-- Opening Marker --

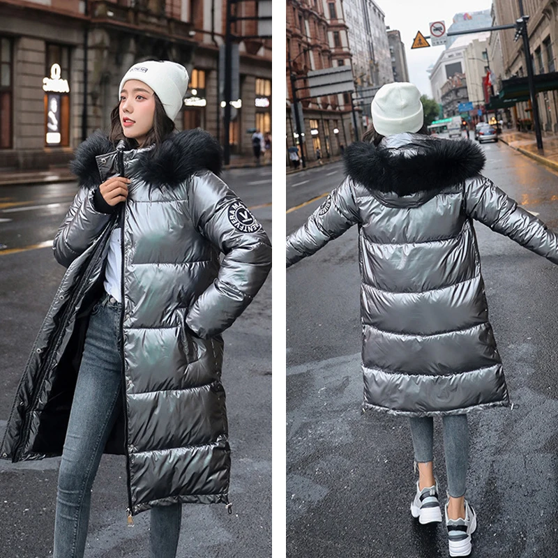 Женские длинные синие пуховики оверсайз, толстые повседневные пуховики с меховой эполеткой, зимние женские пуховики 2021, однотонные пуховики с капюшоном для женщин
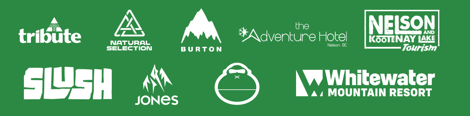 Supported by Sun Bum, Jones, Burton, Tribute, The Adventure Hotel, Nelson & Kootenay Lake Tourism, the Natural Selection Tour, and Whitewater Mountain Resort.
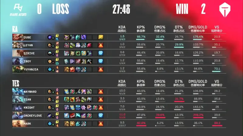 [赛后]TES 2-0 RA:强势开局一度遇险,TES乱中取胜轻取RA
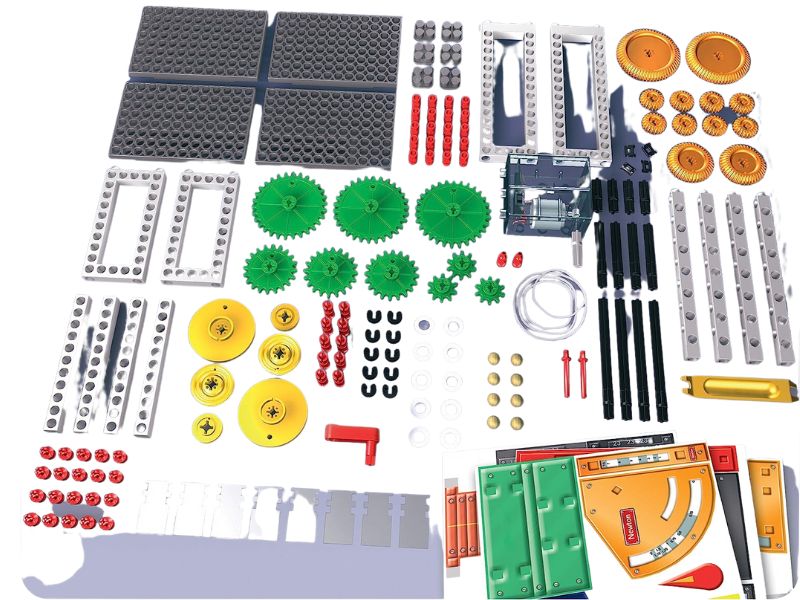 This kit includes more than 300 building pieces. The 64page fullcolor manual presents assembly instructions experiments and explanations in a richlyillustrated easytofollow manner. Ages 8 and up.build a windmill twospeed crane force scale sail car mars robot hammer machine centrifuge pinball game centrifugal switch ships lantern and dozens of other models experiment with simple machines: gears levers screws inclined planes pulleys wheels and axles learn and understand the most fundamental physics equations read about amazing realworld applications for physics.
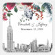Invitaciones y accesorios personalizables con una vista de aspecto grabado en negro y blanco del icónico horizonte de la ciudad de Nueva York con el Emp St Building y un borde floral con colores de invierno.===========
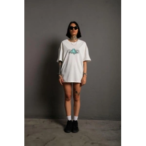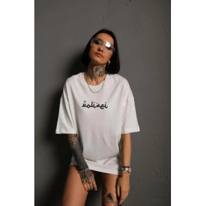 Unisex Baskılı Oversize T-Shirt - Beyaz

-- Closing Marker --

* PROBLEM DETAILS: Only the pictures are to be left out; all other material is to be output exactly.

* SOLUTION FOR THIS PROBLEM:
 Женские длинные синие пуховики оверсайз, толстые повседневные пуховики с меховой эполеткой, зимние женские пуховики 2021, однотонные пуховики с капюшоном для женщин
 Supported by Sun Bum, Jones, Burton, Tribute, The Adventure Hotel, Nelson & Kootenay Lake Tourism, the Natural Selection Tour, and Whitewater Mountain Resort.
 [赛后]TES 2-0 RA:强势开局一度遇险,TES乱中取胜轻取RA
 This kit includes more than 300 building pieces. The 64page fullcolor manual presents assembly instructions experiments and explanations in a richlyillustrated easytofollow manner. Ages 8 and up.build a windmill twospeed crane force scale sail car mars robot hammer machine centrifuge pinball game centrifugal switch ships lantern and dozens of other models experiment with simple machines: gears levers screws inclined planes pulleys wheels and axles learn and understand the most fundamental physics equations read about amazing realworld applications for physics.
Invitaciones y accesorios personalizables con una vista de aspecto grabado en negro y blanco del icónico horizonte de la ciudad de Nueva York con el Emp St Building y un borde floral con colores de invierno.===========
 Unisex Baskılı Oversize T-Shirt - Beyaz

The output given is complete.